# Your objective:
Below is a block of records; return all of them exactly, but without the images.

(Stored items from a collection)
┌──
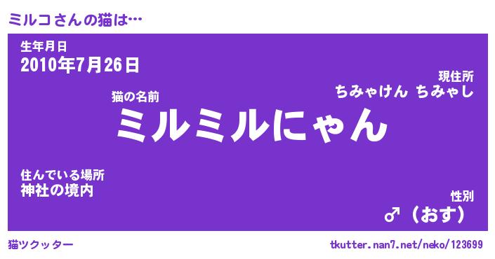 | ヘコむあだ名 | 『ミルにー』『つくし』『ミル太郎』 |
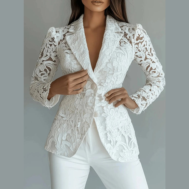 Floral Pattern Lace Single - Breasted Blazer - Simply Just Deals LLCFloral Pattern Lace Single - Breasted Blazer100100141538636WhiteS23bcb609bd884a0fa4dae5afd0e84cec - Max - Origin
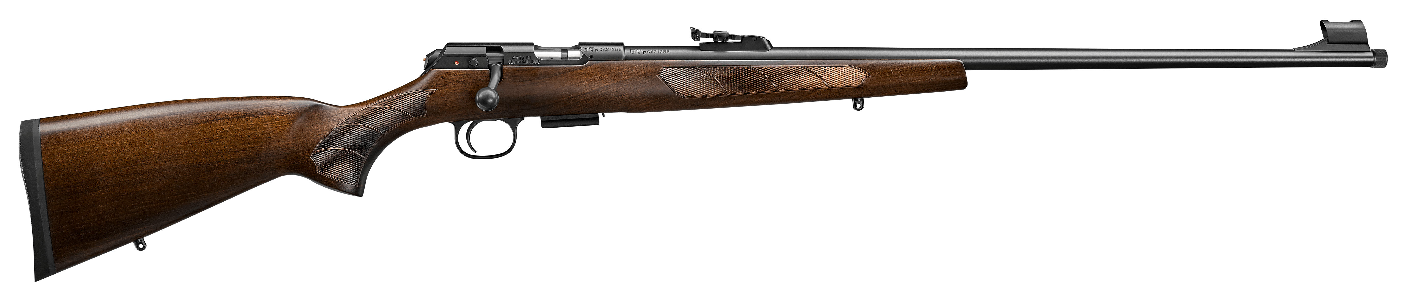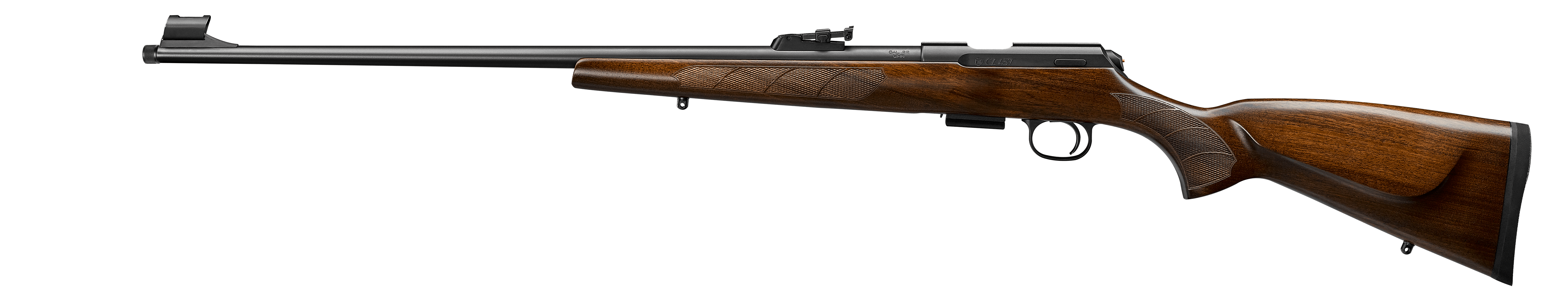 User-swappable barrels and calibersAn accurate, safe, reliable, and modern rimfire rifle with a classic European centerfire hunting rifle design. The varnished stock with cheekpiece is made of high-quality Turkish walnut and features laser-etched checkering on the grip. Traditional iron sights come as standard.
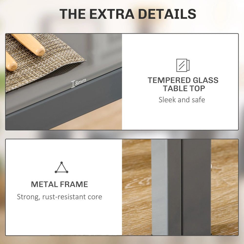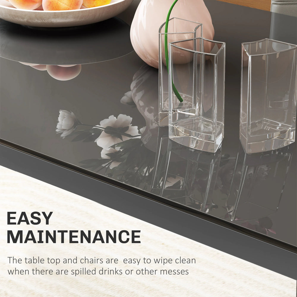 HOMCOM 5-Piece Kitchen Dining Table Set with 4 Faux Leather Metal Frame Chairs Glass Tabletop Desk for Dining Room, Kitchen, Dinette, Grey
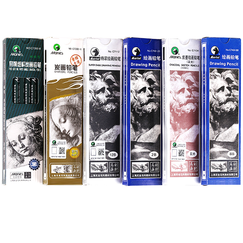 马利素描铅笔炭笔2B/4B/6B/8B美术联考绘画写生绘图铅笔2H特浓12B14B亚光软中硬炭笔速写2比艺考练习用包邮
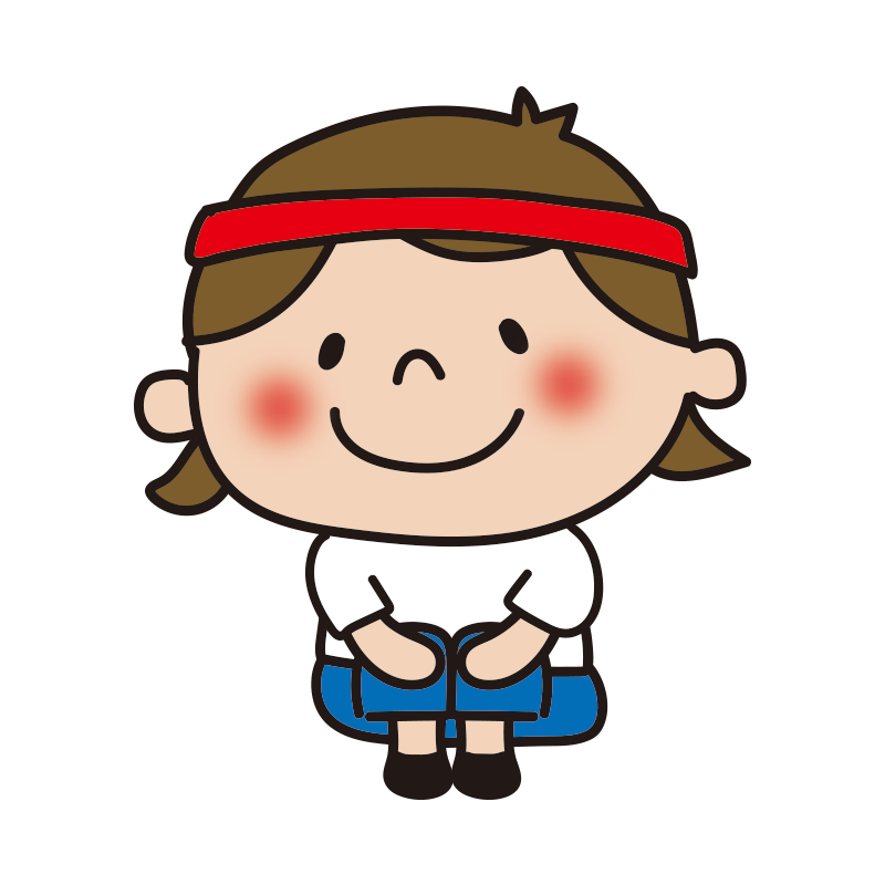 運動会で座っている赤組の女の子
└──
# Response area:
 | ヘコむあだ名 | 『ミルにー』『つくし』『ミル太郎』 |
 Floral Pattern Lace Single - Breasted Blazer - Simply Just Deals LLCFloral Pattern Lace Single - Breasted Blazer100100141538636WhiteS23bcb609bd884a0fa4dae5afd0e84cec - Max - Origin
 User-swappable barrels and calibersAn accurate, safe, reliable, and modern rimfire rifle with a classic European centerfire hunting rifle design. The varnished stock with cheekpiece is made of high-quality Turkish walnut and features laser-etched checkering on the grip. Traditional iron sights come as standard.
 HOMCOM 5-Piece Kitchen Dining Table Set with 4 Faux Leather Metal Frame Chairs Glass Tabletop Desk for Dining Room, Kitchen, Dinette, Grey
 马利素描铅笔炭笔2B/4B/6B/8B美术联考绘画写生绘图铅笔2H特浓12B14B亚光软中硬炭笔速写2比艺考练习用包邮
 運動会で座っている赤組の女の子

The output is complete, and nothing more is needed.